Tuesday, July 15, 2014

How the 'Hunger Games' heroine learns to kill and to regret killing

Unpacking the meaning of the violence in 'The Hunger Games' is key to understanding the story and the depth of the characters.

Article originally posted to Helium Network on June 30, 2013.


Violence is a dominant theme in the "Hunger Games" trilogy. Author Suzanne Collins creates a fantasy world in which the teenage heroine, and everyone around her, suffers from chronic violence on multiple levels, both physical and psychological. Unpacking these different types of violence and the characters’ responses is key to understanding the story and the depth of the characters.
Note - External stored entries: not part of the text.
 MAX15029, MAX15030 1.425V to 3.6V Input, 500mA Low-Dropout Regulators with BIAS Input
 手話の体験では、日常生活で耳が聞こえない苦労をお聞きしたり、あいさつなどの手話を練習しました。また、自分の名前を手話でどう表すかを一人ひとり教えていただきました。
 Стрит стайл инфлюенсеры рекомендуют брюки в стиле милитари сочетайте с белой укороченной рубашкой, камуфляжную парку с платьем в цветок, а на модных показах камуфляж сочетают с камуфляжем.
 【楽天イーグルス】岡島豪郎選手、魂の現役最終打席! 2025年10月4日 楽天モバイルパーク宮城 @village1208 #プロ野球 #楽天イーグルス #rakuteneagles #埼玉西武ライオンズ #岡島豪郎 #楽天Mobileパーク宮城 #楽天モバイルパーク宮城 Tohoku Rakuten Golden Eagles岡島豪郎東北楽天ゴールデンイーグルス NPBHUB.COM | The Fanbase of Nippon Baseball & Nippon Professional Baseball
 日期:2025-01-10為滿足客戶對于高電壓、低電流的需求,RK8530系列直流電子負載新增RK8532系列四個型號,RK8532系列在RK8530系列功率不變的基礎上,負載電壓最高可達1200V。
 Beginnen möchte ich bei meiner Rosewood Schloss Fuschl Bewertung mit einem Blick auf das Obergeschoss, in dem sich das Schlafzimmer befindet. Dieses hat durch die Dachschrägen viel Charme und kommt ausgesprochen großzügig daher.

When the father of Katniss, the heroine, died in a mine explosion when Katniss was eleven years old, “there was nothing even to bury.” Her family lives in a society where stealing is punishable by death, capital punishment being best understood in this context as a kind of violence wielded by the state. The threat of being called by lottery to fight to the death in an arena hangs over the head of every child. Families who live in wealthier areas train their children in martial arts, but when Katniss is called to the arena as the first book opens, she has only her self-taught skill with a bow and arrow (gained at great personal risk by illegally hunting to provide food for her family), and she cannot be sure that she will be provided with this type of weapon when she enters the arena. Katniss knows it will be easier to kill other children if she can dehumanize them and pretend she’s targeting game animals.
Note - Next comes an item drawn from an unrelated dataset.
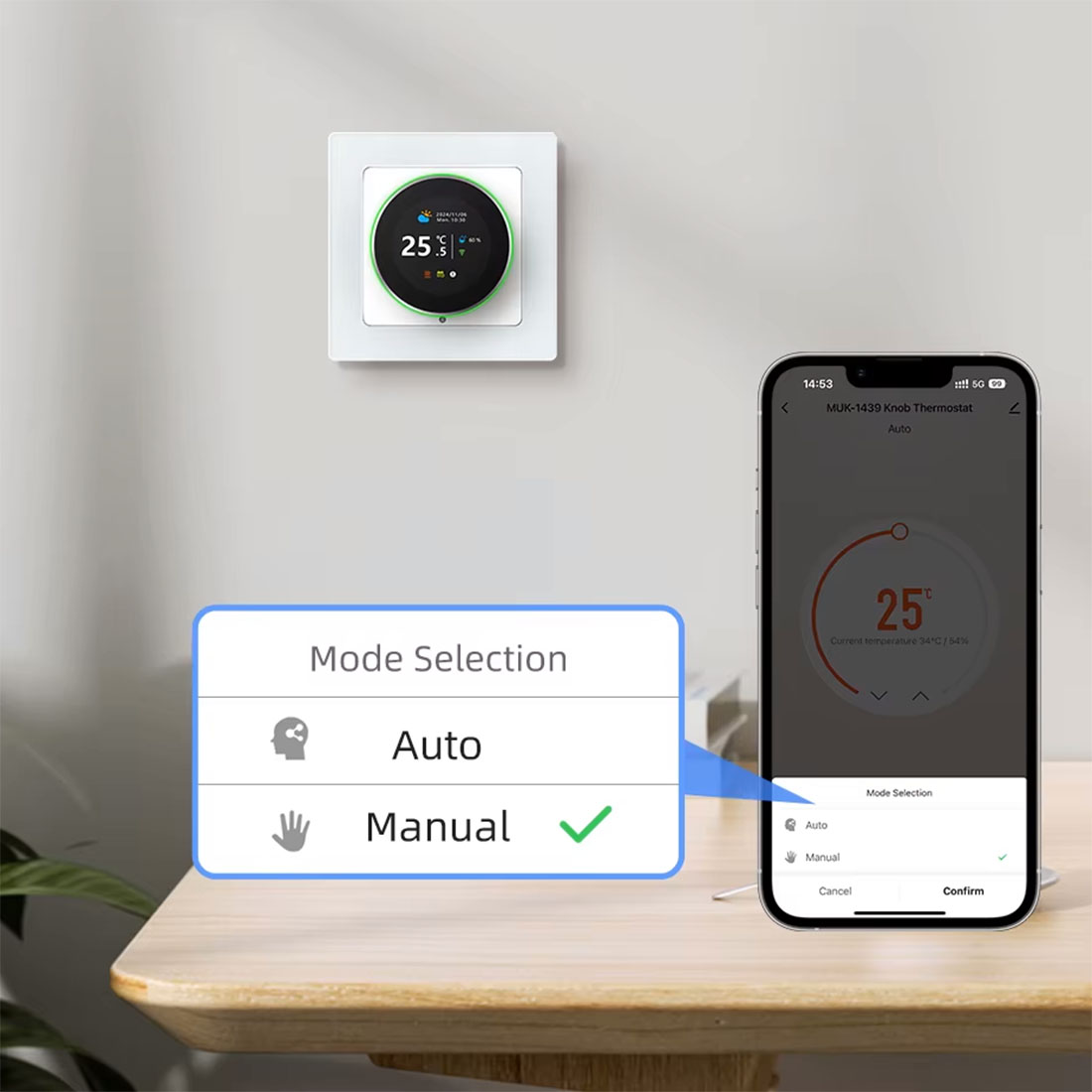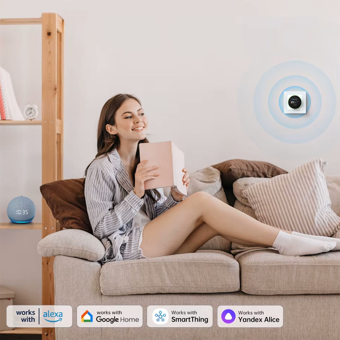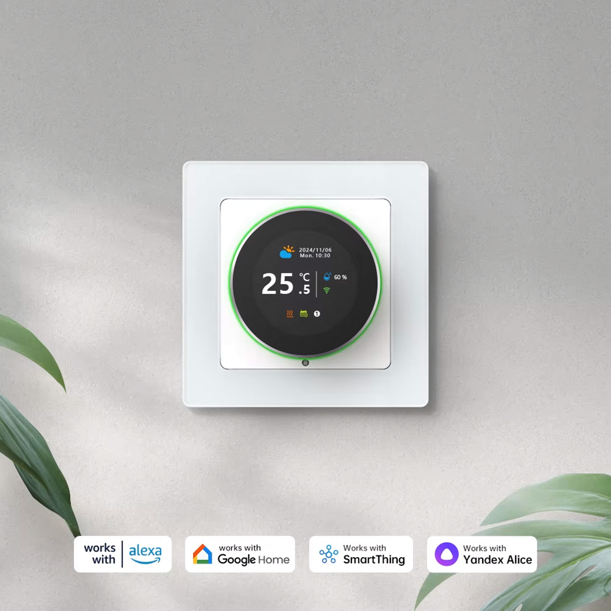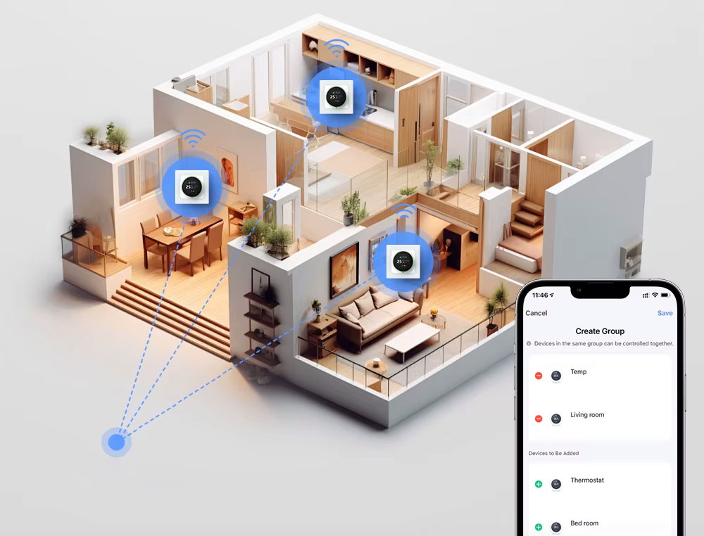 Dzięki wbudowanemu modułowi WiFi oraz kompatybilności z popularnymi platformami (TUYA, Smart Life, Amazon Alexa, Google Assistant, Yandex Alice), możesz zdalnie kontrolować temperaturę w pomieszczeniach za pomocą aplikacji na smartfonie.

To maximize the entertainment value for the viewing public, the children are provided with interesting tools with which they think of innovative ways to kill each other. When Katniss is stuck in a tree, she is nevertheless able to dump an especially venomous bees’ nest onto her pursuers below. She says “technically I’d get credited” for killing two people by this maneuver, but she feels somewhat detached from the consequences of the action. She is more troubled by a different kill, who was “the first person I knew would die because of my actions." Later, in the second book, "Catching Fire", she is disturbed to learn the name of one of the people she killed. It was easier for her not to have that human connection.

In "Catching Fire", Katniss comes to learn more than she ever wanted to know about the cruelty and manipulation perpetrated by the ruler of the land. She has to tell her friend, Gale, that “President Snow personally threatened to have you killed.” In reply, the teenager gives “no real show of fear or astonishment.” He simply asks who else is on the hit list and what they need to do to avoid their fate.

When she enters the arena a second time, Katniss already knows that, regardless of what she feels for other victors, “all of them must die” – as she herself must die – “if I’m to save Peeta,” one of her friends and love interests. However, anticipating and contributing to the deaths of others is difficult after alliances are built. These alliances are supposed to be temporary, because, after a certain point, every person is in the game for himself or herself, as there can only be one victor. But Katniss is troubled by the prospect of harming those who have only recently saved her life and Peeta’s. She has a strong sense of loyalty that tempers her willingness to use violence. She also is attuned to the idea of sacrifice.

The greatest act of violence, solely measured by the number of casualties, must be the government’s annihilation of Katniss and Peeta’s home district. In the third book, "Mockingjay", there is a strong people’s rebellion against the government in response to this offense. Peeta makes the first-ever truthful, personal statement on state-controlled television about what it’s like to fight in the arena: “It costs a lot more than your life. To murder innocent people? It costs everything you are.” (Katniss is also personally familiar with “the aftermath of killing a person…how they never leave you.”) Soon afterward, television is in the hands of the rebels, and Katniss makes the first-ever televised statement against the government.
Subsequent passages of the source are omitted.